▶ _The task_
What you copy should be the lines from the one with "Vattentryck uppmätt vid" through the end of the entries, word for word. Omit the pictures.
** Dataset records follows **
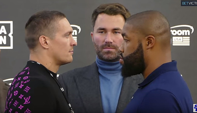 Український боксер Олександр Усик та його перший суперник у суперважкій вазі американець Чазз Візерспун провели традиційну дуель поглядів перед боєм.
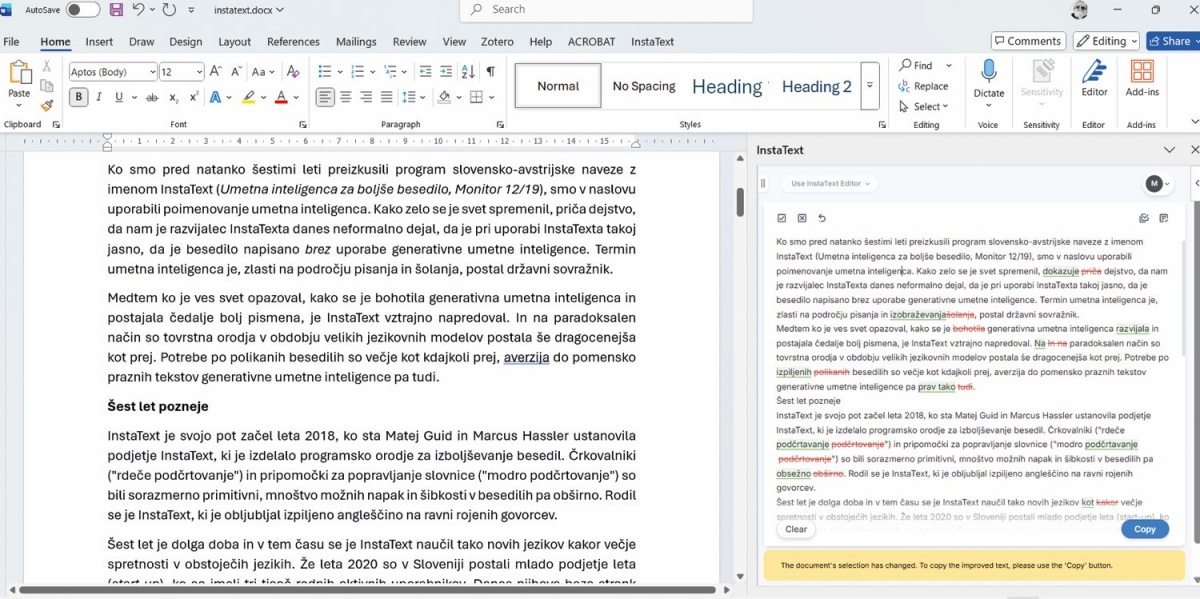 Kaj dejati o InstaTextu? Vedno sem bil zagovornik specializiranih orodij in v tem pogledu mi je InstaText bistveno bliže kot generativna umetna inteligenca. Pri njem je mogoče ceniti zlasti ponovljivost rezultatov in tudi preglednost, saj popravke prikaže v besedilu in pri vsakem nudi pregledno odločitev, ali ga bomo upoštevali. Še vedno ni brez napak in mu slepo ne gre verjeti – kakor tudi ne človeškim lektorjem, ko govorimo o strokovni terminologiji –, a temu niti ni namenjen. InstaText je zelo dobro orodje, ne nadomestek lastne pameti. Naj tako tudi ostane.
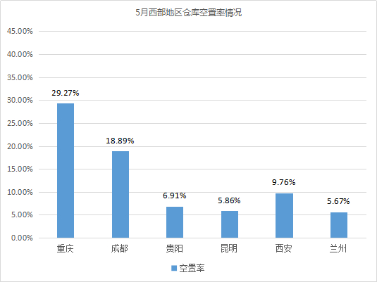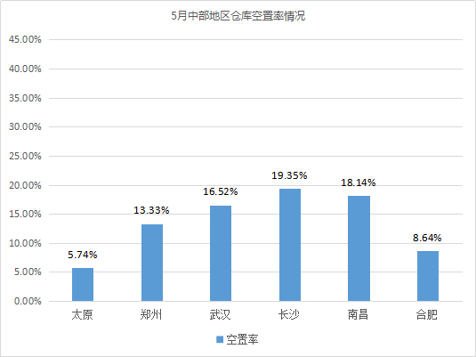 仓库空置率最低的城市为苏州、兰州、太原,均低于6%。相较4月,三个城市仓库空置率波动不大,市场稳定。
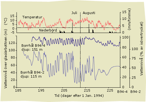 Vattentryck uppmätt vid bottnen av glaciären syns som blå kurvor. Till vänster anges det tryck i m vatten som kurvorna motsvarar, till höger anges detta tryck i % av istrycket (100% betyder att isen kan flyta då trycket är lika med isens tryck). Överst i figuren finns de meteorologiska parametrar som styr vattentemperaturen (rött) och nederbörden (svarta staplar). Vattentrycket har en mycket utpräglad dygnsvariation och det går att se att topparna styrs av temperaturen (d.v.s. den smältning som temperaturen orsakar samt den nederbörd som faller.
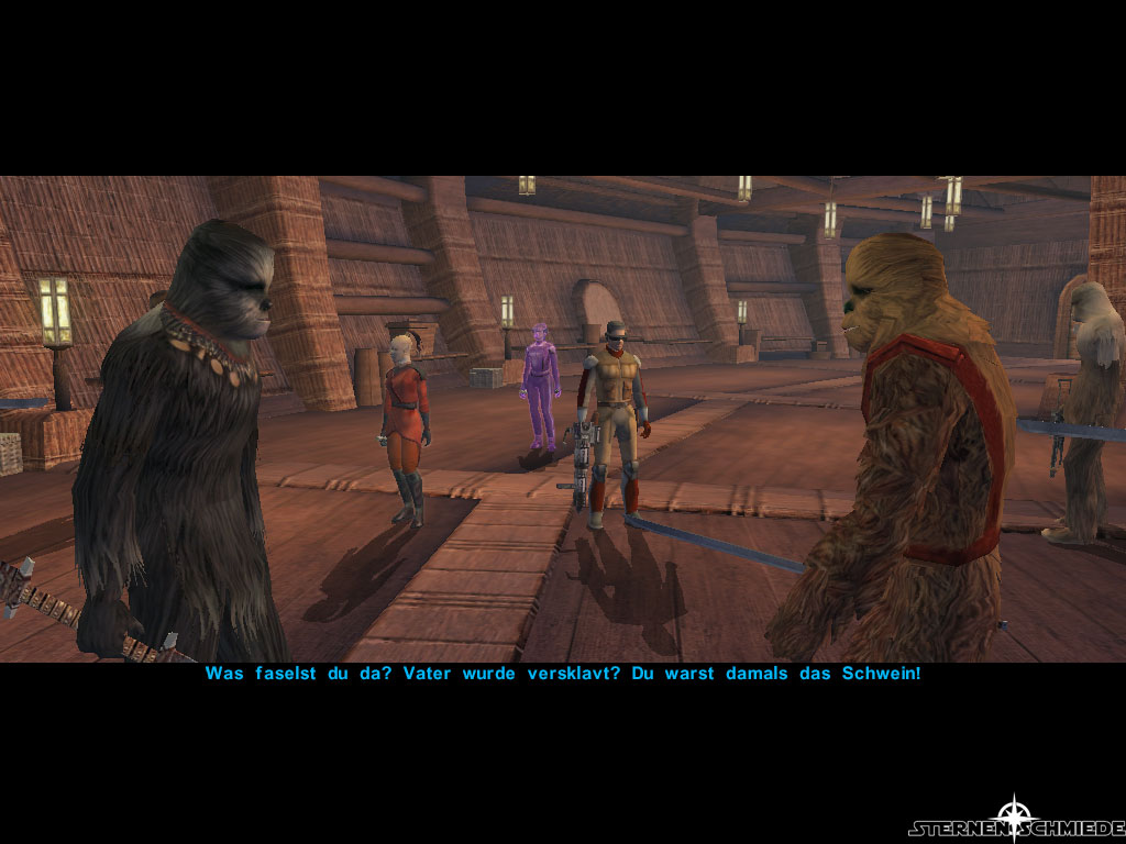 Nach der Plünderung wird es Zeit für ein Gespräch mit Janos selbst. Fragt ihn nach allem was ihr wollt. Er verfügt übrigens auch über eine reichhaltige Equipmentauswahl. Durch die zur Auswahl stehenden Fragen, erfahrt ihr genaueres über die Sklavengeschäfte auf dem Planeten. Komischerweise scheint es eine Art Zustimmung der Wookies diesbezüglich zu geben. Überredet ihn mit der Macht oder ohne, damit ihr erfahrt, dass Czerka Waffen im Austausch für gesunde Wookies liefert. In Folge dessen wird der derzeitige Wookie Anführer (Chuundar) in Zaum gehalten, während Czerka gute Profite einstreicht. Wenn ihr Zaalbar in der Gruppe ist, werdet ihr erfahren, dass Chuundar nicht grade der Name war, den er hören wollte. Mehr will er dazu derzeit aber noch nicht sagen.
** End of Dataset records **
▶ _Result of the task_
 Vattentryck uppmätt vid bottnen av glaciären syns som blå kurvor. Till vänster anges det tryck i m vatten som kurvorna motsvarar, till höger anges detta tryck i % av istrycket (100% betyder att isen kan flyta då trycket är lika med isens tryck). Överst i figuren finns de meteorologiska parametrar som styr vattentemperaturen (rött) och nederbörden (svarta staplar). Vattentrycket har en mycket utpräglad dygnsvariation och det går att se att topparna styrs av temperaturen (d.v.s. den smältning som temperaturen orsakar samt den nederbörd som faller.
 Nach der Plünderung wird es Zeit für ein Gespräch mit Janos selbst. Fragt ihn nach allem was ihr wollt. Er verfügt übrigens auch über eine reichhaltige Equipmentauswahl. Durch die zur Auswahl stehenden Fragen, erfahrt ihr genaueres über die Sklavengeschäfte auf dem Planeten. Komischerweise scheint es eine Art Zustimmung der Wookies diesbezüglich zu geben. Überredet ihn mit der Macht oder ohne, damit ihr erfahrt, dass Czerka Waffen im Austausch für gesunde Wookies liefert. In Folge dessen wird der derzeitige Wookie Anführer (Chuundar) in Zaum gehalten, während Czerka gute Profite einstreicht. Wenn ihr Zaalbar in der Gruppe ist, werdet ihr erfahren, dass Chuundar nicht grade der Name war, den er hören wollte. Mehr will er dazu derzeit aber noch nicht sagen.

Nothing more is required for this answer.